→ **Task prompt**: Write out exactly the lines from the start of the entries through the one that contains "Виды Москвы. Жанровая", including both.

→ **Given data**:
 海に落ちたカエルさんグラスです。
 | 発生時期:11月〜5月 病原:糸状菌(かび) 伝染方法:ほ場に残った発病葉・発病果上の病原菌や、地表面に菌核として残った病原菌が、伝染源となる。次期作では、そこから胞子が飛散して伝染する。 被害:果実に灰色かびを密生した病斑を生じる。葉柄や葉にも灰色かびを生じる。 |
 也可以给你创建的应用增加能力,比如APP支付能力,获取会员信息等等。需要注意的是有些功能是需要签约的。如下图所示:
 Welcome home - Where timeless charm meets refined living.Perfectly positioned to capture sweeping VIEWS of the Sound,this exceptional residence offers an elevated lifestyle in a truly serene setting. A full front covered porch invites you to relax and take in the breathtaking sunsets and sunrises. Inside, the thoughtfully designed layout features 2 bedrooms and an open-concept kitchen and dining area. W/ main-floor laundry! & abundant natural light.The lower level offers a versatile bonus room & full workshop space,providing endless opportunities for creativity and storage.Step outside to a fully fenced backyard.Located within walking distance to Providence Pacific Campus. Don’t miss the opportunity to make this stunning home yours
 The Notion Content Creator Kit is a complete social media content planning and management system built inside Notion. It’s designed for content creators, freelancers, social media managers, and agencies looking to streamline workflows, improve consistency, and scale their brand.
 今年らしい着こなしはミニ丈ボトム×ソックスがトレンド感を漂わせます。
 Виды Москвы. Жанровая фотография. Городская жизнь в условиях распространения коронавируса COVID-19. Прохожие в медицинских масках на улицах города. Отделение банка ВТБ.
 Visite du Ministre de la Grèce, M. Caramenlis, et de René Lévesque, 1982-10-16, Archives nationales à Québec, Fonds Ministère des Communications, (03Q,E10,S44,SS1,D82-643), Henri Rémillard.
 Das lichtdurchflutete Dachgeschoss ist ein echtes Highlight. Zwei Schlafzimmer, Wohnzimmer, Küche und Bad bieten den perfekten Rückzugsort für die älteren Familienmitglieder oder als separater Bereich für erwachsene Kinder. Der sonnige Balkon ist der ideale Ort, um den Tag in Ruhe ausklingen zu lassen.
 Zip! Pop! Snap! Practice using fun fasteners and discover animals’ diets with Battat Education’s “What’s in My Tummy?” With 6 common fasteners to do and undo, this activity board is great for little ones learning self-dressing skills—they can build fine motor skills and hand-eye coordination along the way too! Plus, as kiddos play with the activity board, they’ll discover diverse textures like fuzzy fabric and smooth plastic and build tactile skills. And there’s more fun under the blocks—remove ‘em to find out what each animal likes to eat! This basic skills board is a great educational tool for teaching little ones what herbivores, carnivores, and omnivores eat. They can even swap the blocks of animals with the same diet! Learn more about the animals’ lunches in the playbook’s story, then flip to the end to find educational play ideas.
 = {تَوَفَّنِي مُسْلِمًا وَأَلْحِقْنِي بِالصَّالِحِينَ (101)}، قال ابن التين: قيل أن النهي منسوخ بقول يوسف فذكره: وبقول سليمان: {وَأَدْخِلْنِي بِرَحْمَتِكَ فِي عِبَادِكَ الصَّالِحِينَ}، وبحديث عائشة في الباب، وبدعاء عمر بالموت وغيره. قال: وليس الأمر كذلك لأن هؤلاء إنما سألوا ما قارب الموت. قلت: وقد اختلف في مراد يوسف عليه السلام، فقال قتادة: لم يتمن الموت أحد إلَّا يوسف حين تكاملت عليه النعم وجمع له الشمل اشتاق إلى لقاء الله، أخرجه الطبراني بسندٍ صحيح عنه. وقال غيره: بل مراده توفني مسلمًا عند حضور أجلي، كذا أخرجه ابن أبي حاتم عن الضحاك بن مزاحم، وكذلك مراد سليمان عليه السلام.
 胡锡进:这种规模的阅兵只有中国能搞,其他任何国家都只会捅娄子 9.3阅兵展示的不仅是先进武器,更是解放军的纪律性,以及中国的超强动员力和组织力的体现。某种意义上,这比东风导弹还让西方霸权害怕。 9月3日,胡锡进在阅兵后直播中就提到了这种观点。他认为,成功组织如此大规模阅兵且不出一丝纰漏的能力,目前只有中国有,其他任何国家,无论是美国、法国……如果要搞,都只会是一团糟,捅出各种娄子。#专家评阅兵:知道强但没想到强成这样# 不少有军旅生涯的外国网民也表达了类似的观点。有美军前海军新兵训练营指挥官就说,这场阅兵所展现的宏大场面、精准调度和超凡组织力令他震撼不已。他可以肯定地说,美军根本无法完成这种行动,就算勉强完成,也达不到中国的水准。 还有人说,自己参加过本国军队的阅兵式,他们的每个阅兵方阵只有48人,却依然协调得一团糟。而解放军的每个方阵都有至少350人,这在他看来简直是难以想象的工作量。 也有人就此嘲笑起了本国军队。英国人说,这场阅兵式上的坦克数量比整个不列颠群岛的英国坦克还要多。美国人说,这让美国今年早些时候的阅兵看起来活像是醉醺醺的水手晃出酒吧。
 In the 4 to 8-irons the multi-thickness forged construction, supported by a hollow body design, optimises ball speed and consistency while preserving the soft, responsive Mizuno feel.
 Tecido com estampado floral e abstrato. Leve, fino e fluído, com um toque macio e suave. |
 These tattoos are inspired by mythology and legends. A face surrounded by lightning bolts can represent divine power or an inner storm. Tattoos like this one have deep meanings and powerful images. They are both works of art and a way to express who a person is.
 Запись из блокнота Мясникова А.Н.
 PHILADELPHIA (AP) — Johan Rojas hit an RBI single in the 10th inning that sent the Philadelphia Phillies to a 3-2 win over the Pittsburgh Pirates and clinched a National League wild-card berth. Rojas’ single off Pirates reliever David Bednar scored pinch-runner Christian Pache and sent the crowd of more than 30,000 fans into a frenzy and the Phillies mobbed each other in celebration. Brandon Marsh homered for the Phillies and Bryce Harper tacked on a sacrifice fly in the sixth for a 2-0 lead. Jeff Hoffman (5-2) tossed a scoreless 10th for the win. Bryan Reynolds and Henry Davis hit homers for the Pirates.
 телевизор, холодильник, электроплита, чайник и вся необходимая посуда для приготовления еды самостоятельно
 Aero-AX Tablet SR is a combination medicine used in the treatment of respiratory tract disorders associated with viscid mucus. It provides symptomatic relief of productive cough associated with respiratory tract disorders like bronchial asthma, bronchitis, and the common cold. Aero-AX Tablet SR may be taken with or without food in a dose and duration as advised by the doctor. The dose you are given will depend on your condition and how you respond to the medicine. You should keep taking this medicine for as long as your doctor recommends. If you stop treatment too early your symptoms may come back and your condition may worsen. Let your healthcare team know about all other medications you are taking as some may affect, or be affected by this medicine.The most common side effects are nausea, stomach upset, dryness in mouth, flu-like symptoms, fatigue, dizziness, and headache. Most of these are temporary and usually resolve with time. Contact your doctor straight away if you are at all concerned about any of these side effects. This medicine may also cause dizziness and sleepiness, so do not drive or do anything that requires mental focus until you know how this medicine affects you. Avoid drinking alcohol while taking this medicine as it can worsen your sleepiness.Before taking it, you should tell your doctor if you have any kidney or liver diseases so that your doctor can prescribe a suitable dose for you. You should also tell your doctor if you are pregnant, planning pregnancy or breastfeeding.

→ **Answer section**:
 海に落ちたカエルさんグラスです。
 | 発生時期:11月〜5月 病原:糸状菌(かび) 伝染方法:ほ場に残った発病葉・発病果上の病原菌や、地表面に菌核として残った病原菌が、伝染源となる。次期作では、そこから胞子が飛散して伝染する。 被害:果実に灰色かびを密生した病斑を生じる。葉柄や葉にも灰色かびを生じる。 |
 也可以给你创建的应用增加能力,比如APP支付能力,获取会员信息等等。需要注意的是有些功能是需要签约的。如下图所示:
 Welcome home - Where timeless charm meets refined living.Perfectly positioned to capture sweeping VIEWS of the Sound,this exceptional residence offers an elevated lifestyle in a truly serene setting. A full front covered porch invites you to relax and take in the breathtaking sunsets and sunrises. Inside, the thoughtfully designed layout features 2 bedrooms and an open-concept kitchen and dining area. W/ main-floor laundry! & abundant natural light.The lower level offers a versatile bonus room & full workshop space,providing endless opportunities for creativity and storage.Step outside to a fully fenced backyard.Located within walking distance to Providence Pacific Campus. Don’t miss the opportunity to make this stunning home yours
 The Notion Content Creator Kit is a complete social media content planning and management system built inside Notion. It’s designed for content creators, freelancers, social media managers, and agencies looking to streamline workflows, improve consistency, and scale their brand.
 今年らしい着こなしはミニ丈ボトム×ソックスがトレンド感を漂わせます。
 Виды Москвы. Жанровая фотография. Городская жизнь в условиях распространения коронавируса COVID-19. Прохожие в медицинских масках на улицах города. Отделение банка ВТБ.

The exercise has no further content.